Corbana, the National Banana Corporation of Costa Rica, has sought to reassure the country’s producers that exports will not be substantially impacted by Trump’s new tariff, as reported last week by researchers from the National University (Una).

Costa Rican bananas

On 8 May, the university’s International Centre for Economic Policy for Sustainable Development (Cinpe) presented a report stating that banana exports to the US could fall by 18 per cent due to the reciprocal tariff.

Corbana said it disagrees with this projection and considers it unlikely that banana exports will decline by such a large percentage due to this sole cause. It points out that the study assumes that Costa Rican bananas are easily substitutable by other exporting countries, but it should be noted that the largest suppliers of bananas to the US are also subject to the 10 per cent reciprocal tariff, as is the case with Ecuador.

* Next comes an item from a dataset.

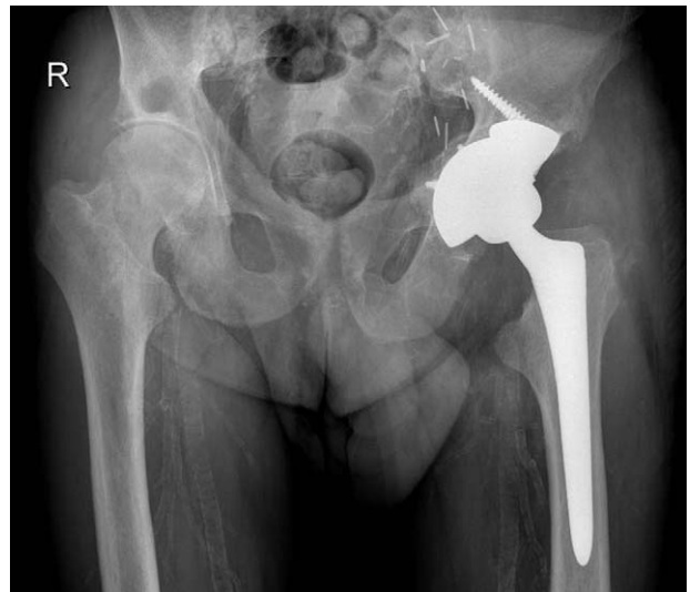
Figura 4 Resultado radiológico de artroplastia total de cadera con uso de suplemento de tantalio.

Tras tres años de evolución el paciente se encuentra asintomático y sin observarse movilizaciones radiográficas de su artroplastia. Se encuentra en seguimiento por el servicio de Reumatología y Nefrología con tratamiento específico para su amiloidosis.

Further, Corbana said that international organisations such as the Food and Agriculture Organisation of the United Nations (FAO) and the US Department of Agriculture (USDA) have determined that the price elasticity of demand for bananas is inelastic, meaning that price changes do not substantially alter the quantities consumed.

“This means that when the price increases, the quantity of bananas purchased or consumed does not decrease substantially,” Corbana said.

According to USDA figures, per capita banana consumption in the US reached 12.1kg in 2023, making it the most consumed fruit. Around 82 per cent of consumers had purchased bananas that year.

According to Corbana, the cost of the tariff applied since April 2025 is being borne by the importer.

“Bananas are the cheapest fruit in fresh produce departments, and this status will not change with the reciprocal tariff. Their price has not been adjusted for inflation in more than 20 years, as other fruits have been,” explained Corbana’s general manager Marcial Chaverri.